Blank speaks to Faculty Senate about challenges and opportunities

Oct. 8, 2013

by Greg Bump

Chancellor Rebecca Blank on Monday spoke to the Faculty Senate about critical issues facing UW–Madison, including the need to ensure financial stability at an institutional level, improve relations with legislators, and shrink the pay gap with our peers.

Photo: Rebecca Blank

Rebecca Blank

It was Blank’s first address to the Faculty Senate, which held its first meeting since Blank arrived on campus in late July.

Blank said she sees her main task as chancellor to be continuing to maintain the high level of quality in instruction and research UW-Madison has achieved over more than 160 years, and where possible move it forward.

“But that doesn’t mean keeping things just as they are,” she said. “To stay good at what we do, and to become better, will require us to do some things differently because the higher education world in which we operate and the larger economic and social world in which we operate is changing.”

Blank said one of her most pressing priorities is to restore financial stability to the university, and acknowledged that the funding model for public universities has undergone a significant amount of change, particularly in the amount of state support.

“While we must and will argue with the state for additional funds for high priority needs, I will tell you I don’t expect a big turnaround in that trend,” she said.

Universities must work hard to capture other streams of funding and integrate them with the state contribution, she said. Those funding streams include federal dollars, tuition, funding from business partnerships, private donors, and the support of partners like the Wisconsin Alumni Research Foundation.

Blank acknowledged that the debate over the use of reserve funds resulted in a difficult budget session for the UW System this spring.

“To stay good at what we do, and to become better, will require us to do some things differently because the higher education world in which we operate and the larger economic and social world in which we operate is changing.”

Rebecca Blank

“I’ll be blunt. We did not effectively make the case for why the University of Wisconsin System schools were experiencing growth in their reserve funds at the same time we were going to the state legislature claiming serious economic problems and asking for tuition increases,” she said.

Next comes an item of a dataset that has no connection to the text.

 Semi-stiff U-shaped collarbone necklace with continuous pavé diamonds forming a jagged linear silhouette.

She said the system lost credibility during the debate over reserve funds, resulting in a tuition freeze and funding cuts, and there is still anger among some legislators over the issue.

The university is now spending down those reserve funds, as requested by legislators, Blank said.

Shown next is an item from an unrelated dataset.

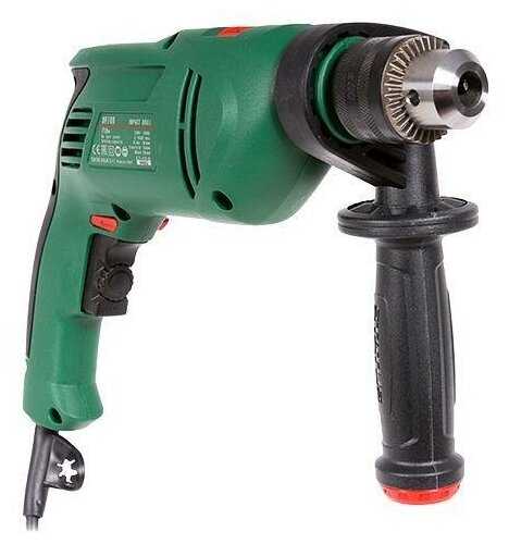 Особенности конструкции : | блокировка кнопки включения, дополнительная рукоятка, лампа точечной подсветки, ограничитель глубины сверления |

“But we can spend those reserves only once. That is one-time money, while the budget cuts that we were given are permanent. And that means come the next biennium, we are going to be facing a budget deficit. I and other leaders across the system are going to be talking to the governor and legislature in the hope that in the next budget process we can get at least some of those dollars restored,” Blank said.

The tuition freeze was “not a surprising reaction” to an honest concern among legislators about the rising cost of higher education, Blank said, adding that she is “acutely aware” of the economics of the state.

“I want any Wisconsin student who has the academic credentials to be admitted to the University of Wisconsin–Madison to be able to attend here, regardless of their family’s income,” she said.

“I want any Wisconsin student who has the academic credentials to be admitted to the University of Wisconsin–Madison to be able to attend here, regardless of their family’s income.”

Rebecca Blank

One of the most regrettable outcomes of the budget battle this spring was the delay in human resources flexibilities, particularly in the area of compensation, Blank said. She pledged to work with UW System officials to gain the authority for those flexibilities for faculty and all employee categories in the 2015 budget, but it is “no slam dunk.”

“It is going to take real effort and some real political skill to get [legislators] to approve the HR flexibilities in that timeframe,” she said. “But I think this is incredibly important to campus.”

Despite the lack of flexibility, she said some modest gains have been made over recent years to address the pay gap with the university’s peers. Two important tools have been the critical compensation fund and high-demand faculty fund, and she proposes that internal dollars be made available, though she expects the amount allocated to be more modest than last year.

Details of the programs will be worked out with governance groups and internal stakeholders in the coming weeks, Blank said.

“I consider this one of the highest priority uses of our budget,” she said.

Noting that for the third straight year UW–Madison ranked 19th worldwide in the recent Academic Ranking of World Universities by Shanghai’s Jiao Tong University, Blank praised the faculty on the accomplishment

“That’s the level of excellence you have achieved here over the years and I am pledged to uphold,” she said. “There are some pretty big challenges — I’m not going to sugarcoat that — but there are also enormous opportunities. And I’m excited to work with all of you on both the challenges and the opportunities.”